Parecería que sobran los políticos y, sin embargo, ¡cuánta falta nos hace la verdadera acción política!

Del mismo modo, la investidura de Sánchez se ha transformado en una pieza teatral de gusto más que discutible, donde tampoco ha perdido ocasión el periodismo de trinchera para acabar de ridiculizar aquellos personajes que no eran de su devoción. Donde unos veían firmeza, otros, ambición desmedida; donde los de enfrente encontraban claudicación, los propios, flexibilidad. De tal modo que al tiempo podemos considerar las nuevas elecciones el peor de los males para la estabilidad y una nueva oportunidad para evitar que el comunismo se instale en las poltronas casi 90 años después de aquella nefasta vez. Todo en uno, como esos ungüentos mágicos que pierden la magia en el minuto dos.

La peor de las circunstancias, sin embargo, se cierne sobre la propia clase política, porque el vodevil ha permitido apreciar de forma creciente que sin gobierno puede un país tirar adelante. Bastaría solo que el universo de funcionarios que forman las élites del Estado pudiera tomar sin ellos decisiones ejecutivas para que casi todo pudiera seguir adelante en una tecnocracia donde las elecciones deviniesen inconvenientes. Un poco al estilo de lo que ha pasado en el ámbito municipal, donde desde que los interventores tomaron el relevo de las decisiones, los políticos están en ellos sobre todo para obtener recursos para su partido.
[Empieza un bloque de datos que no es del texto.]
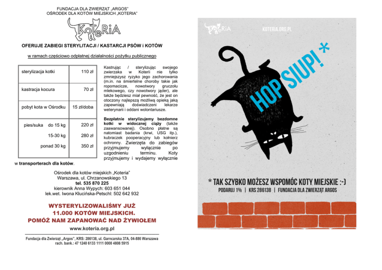 FUNDACJA DLA ZWIERZĄT „ARGOS” OŚRODEK DLA KOTÓW MIEJSKICH „KOTERIA” OFERUJE ZABIEGI STERYLITACJI / KASTARCJI PSÓW i KOTÓW w ramach częściowo odpłatnej działalności pożytku publicznego sterylizacja kotki 110 zł kastracja kocura 70 zł pobyt kota w Ośrodku 15 zł/doba do 15 kg 220 zł 15-30 kg 280 zł ponad 30 kg 350 zł pies/suka Kastrując / sterylizując swojego zwierzaka w Koterii nie tylko zmniejszysz ryzyko jego zachorowania (m.in. na śmiertelne choroby takie jak ropomacicze, nowotwory gruczołu mlekowego, czy nowotwory jąder), ale także będziesz miał pewność, że jest on otoczony najlepszą możliwą opieką jaką zapewniają doświadczeni lekarze weterynarii i oddani wolontariusze. Bezpłatnie sterylizujemy bezdomne kotki w widocznej ciąży (także zaawansowanej). Osobno płatne są natomiast badania (krwi, USG itp.), kubraczek pooperacyjny lub kołnierz ochronny. Zwierzęta do zabiegów przyjmujemy wyłącznie po uzgodnieniu terminu. Koty przyjmujemy i wydajemy wyłącznie w transporterach dla kotów. Ośrodek dla kotów miejskich „Koteria” Warszawa, ul. Chrzanowskiego 13 tel. 535 870 225 kierownik Anna Wypych: 603 651 044 lek.wet. Iwona Kłucińska-Petschl: 502 642 932 WYSTERYLIZOWALIŚMY JUŻ 11.000 KOTÓW MIEJSKICH. POMÓŻ NAM ZAPANOWAĆ NAD ŻYWIOŁEM www.koteria.org.pl –––––––––––––––––––––––––––––––––––––––––––––––––––––––––––––––––––––––– Fundacja dla Zwierząt „Argos”, KRS: 286138, ul. Garncarska 37A, 04-886 Warszawa rach. bank.: 47 1240 6133 1111 0000 4808 5915

Parecería que sobran los políticos y, sin embargo, ¡cuánta falta nos hace la verdadera acción política!, esa en la que no se tuercen las voluntades por el miedo a perder el puesto. Esa que solo se vislumbra de vez en cuando, sobre todo al mirar atrás. ¿Qué dirán de nuestro tiempo presente en el futuro? Pienso que tal vez nos falta perspectiva, pero también me temo que sean necesarias algunas otras cosas cuyo nombre ya casi se ha perdido en el desuso. Propongámonos, siquiera eso, recordarlas ahora que se cierra el curso. Un ejercicio necesario para cuando empiece el próximo.